2. Color changeovers
Each colorway means purging the barrel and re-stabilizing color. A five-colorway set is effectively five production runs. Cutting colorways is the single fastest way to bring a quote down.
3. Layout coverage
A full kit with ISO, JIS and ergo compatibility can double the number of unique caps versus a lean ANSI kit. Every unique cap is another cavity, another sort, another QC lane.
OSHID MOQ by process
| Process | MOQ | Why |
|---|---|---|
| Dye-sublimation | 500 sets | Legends are printed; design switching costs minutes. |
| Silk-screen | 500 sets | Printed on the surface; low setup. |
| UV printing | 500 sets | Digital full-colour printing, low setup. |
| Laser engraving | 500 sets | No tooling; etched legends, often backlit caps. |
| Double-shot | 2,000 sets | Mould inserts + changeover per colorway. |
| New custom profile | Adds tooling fee | A new mould family must be cut regardless of volume. |
How to design a project for a lower minimum
Use an existing profile (no new tooling), start with dye-sub or UV for the first run, keep colorways to one or two, and choose a lean layout kit. If the set proves demand, moving the reorder to double-shot is a normal upgrade path — the artwork and color standards carry over. For the durability trade-offs between those processes, see double-shot vs dye-sub.
FAQ
What is the MOQ for custom keycaps?
At OSHID, double-shot keycaps have an MOQ of 2,000 sets, while printed processes — dye-sublimation, silk-screen, laser engraving and UV printing — start at 500 sets. Double-shot is higher because each colorway needs its own mould inserts and a machine changeover, while printed legends need no per-legend tooling. Using an existing profile avoids new tooling.

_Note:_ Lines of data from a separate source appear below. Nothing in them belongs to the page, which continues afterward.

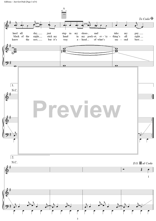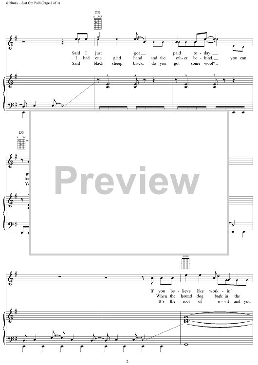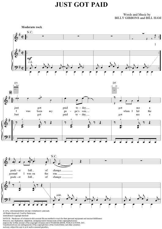 Digital Sheet Music for Just Got Paid by Billy Gibbons, Bill Ham, ZZ Top scored for Piano/Vocal/Chords; id:124318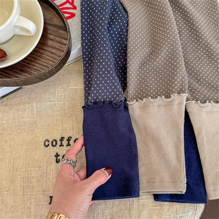소녀 레이스 스티칭 레깅스 바지 봄과 가을 한국 스타일 올 매치 폴로 닷 바지 어린이 발목 길이 바지 0038A043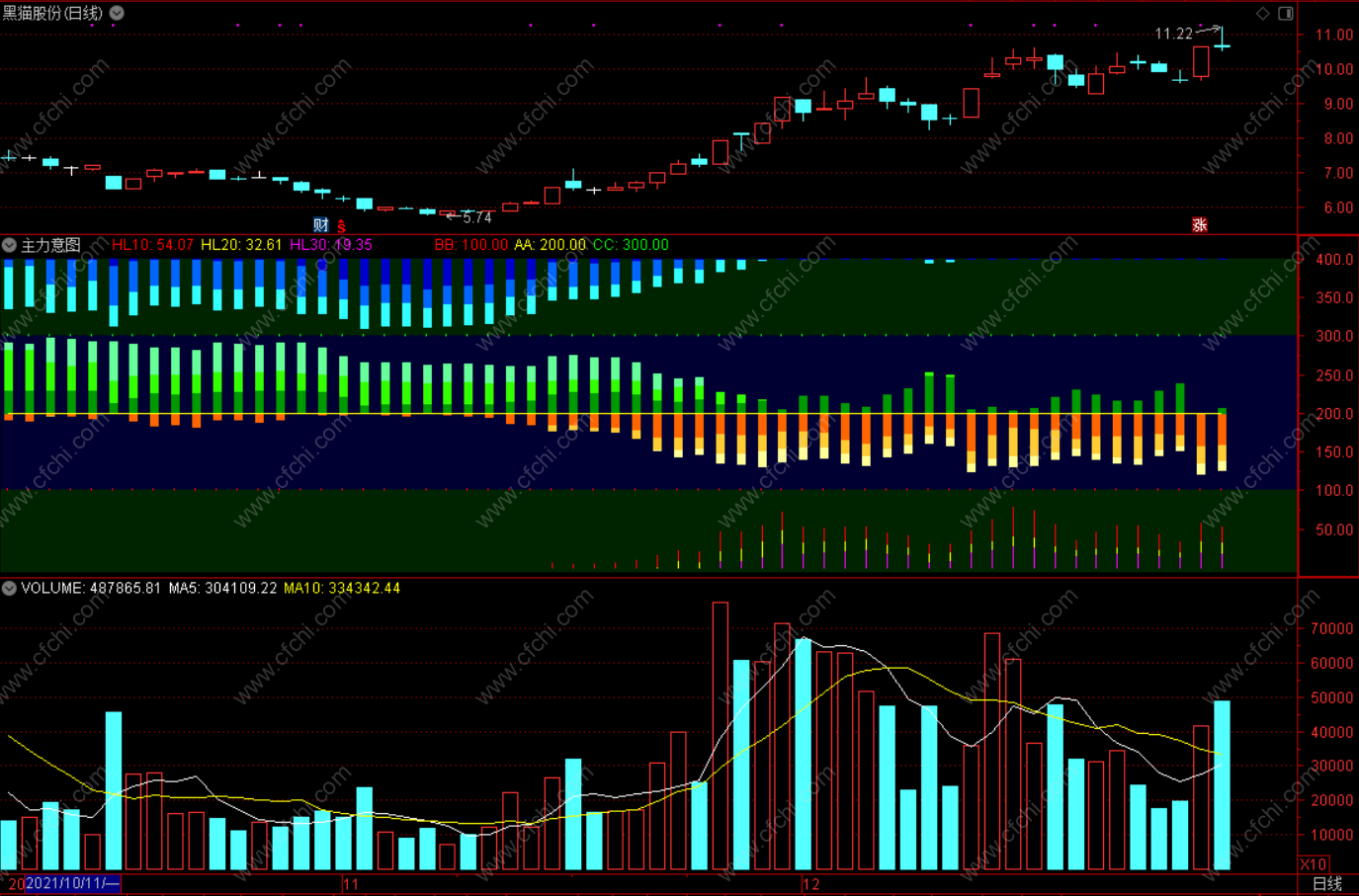 (主力意图指标 底部红黄筹码一出强势到来 通达信副图指标公式 源码)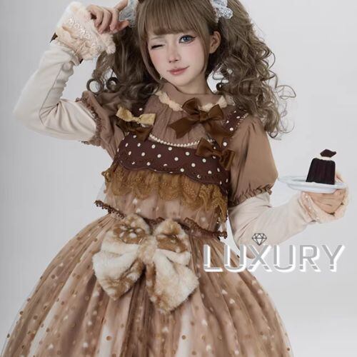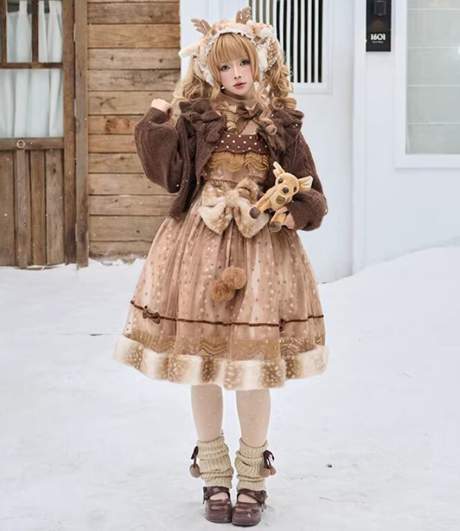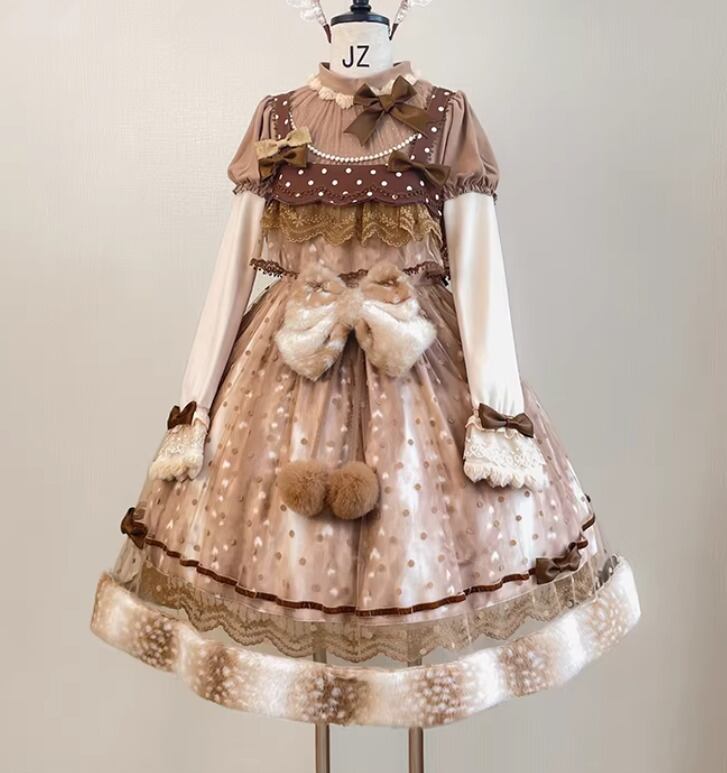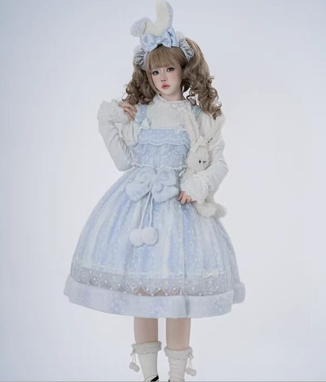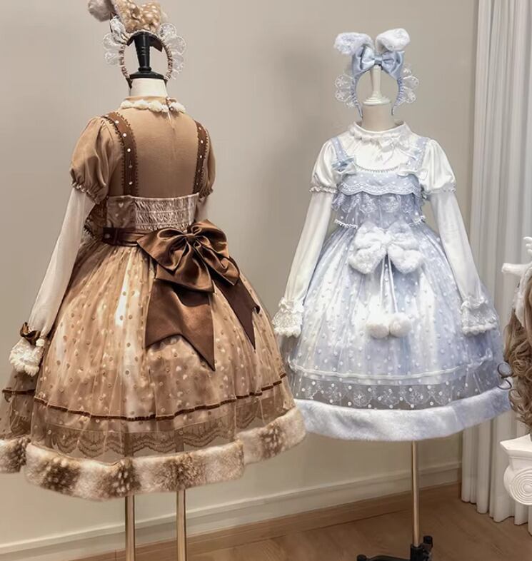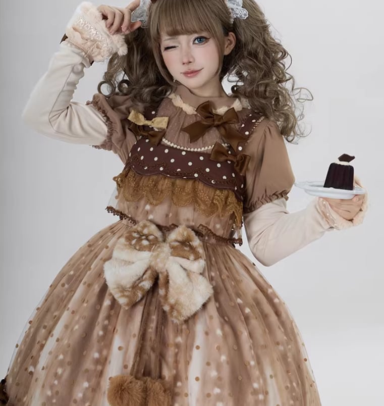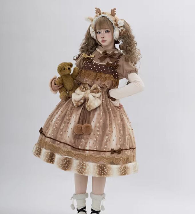 甘ロリ ジャンパースカート のみ 2色 リボン付 ドット柄 バンビ ドール 膝丈 ひざ丈 ミディアム お嬢様 ガーリー スウィート 秋冬コーデ 起毛素材 モコモコ イベント 撮影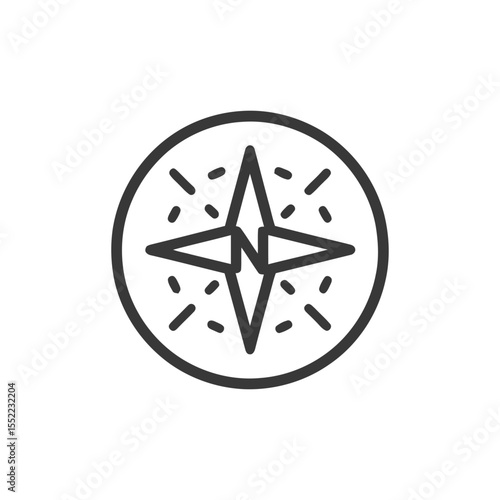 Minimalist Compass Rose Icon with Dashed Detail and Circular Border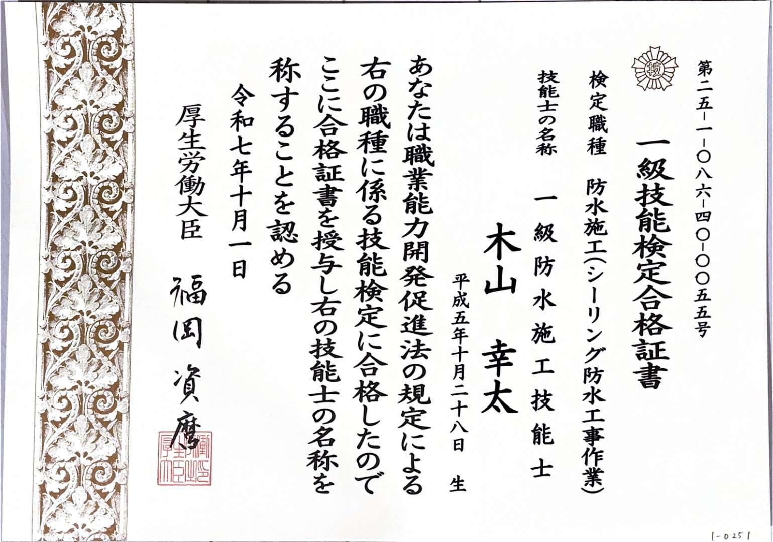 一級防水施工技能士(シーリング防水工事作業)の木山氏です。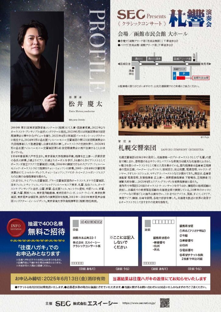 | お問い合せ先 | エスイーシー クラシックコンサート係 TEL:0138-22-7188 |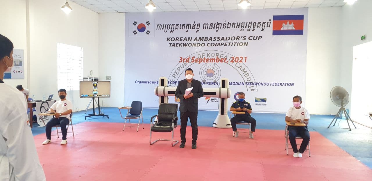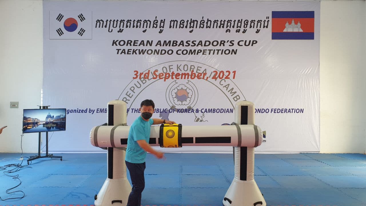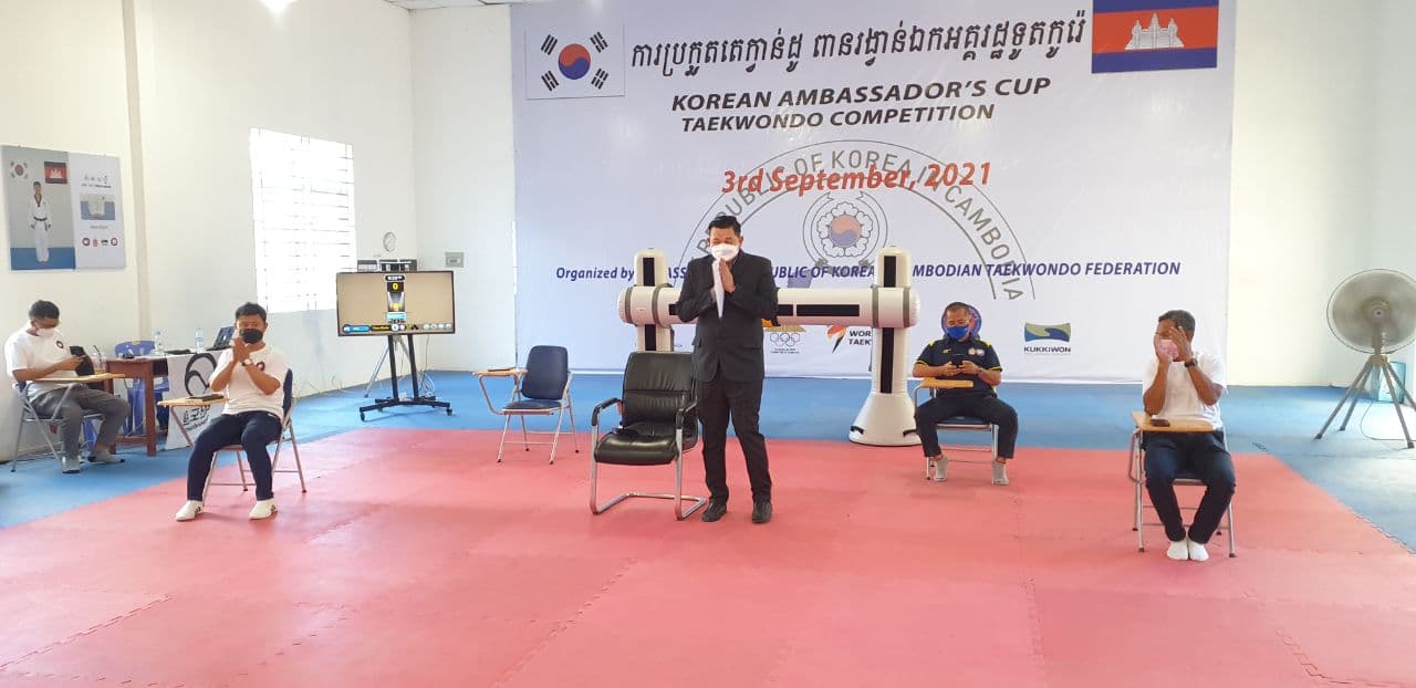 ភ្នំពេញ៖លោក ជ្រិន សុធា អគ្គលេខាធិការតំណាងឲ្យលោកបណ្ឌិតសភាចារ្យ ហង់ជួន ណារ៉ុន រដ្ឋមន្រ្តីក្រសួងអប់រំ យុវជន និងកីឡា និង ប្រធានខេមរសហព័ន្ធតេក្វាន់ដូ WT នៅព្រឹកថ្ងៃទី២៨ ខែសីហាឆ្នាំ២០២១ នាវិទ្យាស្ថានអប់រំកាយ និងកីឡា បានប្រកាសបើកជាផ្លូវការនៃការប្រកួតOnline 2021 Korean Ambassador`s Cup Taekwondo Competition ដែលប្រព្រឹត្តទៅ នាថ្ងៃទី២៨-២៩ខែសីហា ឆ្នាំ២០១ នៅភ្នំពេញ ខេមរសហព័ន្ធបានដាក់១២វិញ្ញាសា សម្រាប់ការប្រកួតក្នុងនោះវិញ្ញសា សម្តែងមេគុន១០វិញ្ញាសា និងប្រយុទ្ធបច្ចេកទេស២វិញ្ញាសា។

Why is double-shot MOQ higher than dye-sub?
Double-shot legends are molded, so each variant needs mold inserts and machine changeover; dye-sub legends are printed. The fixed setup cost must be spread over more units.
How can I reduce MOQ on a small run?
Existing profile, printed legends (dye-sub/UV), fewer colorways, lean layout kit, and batching orders into one production window.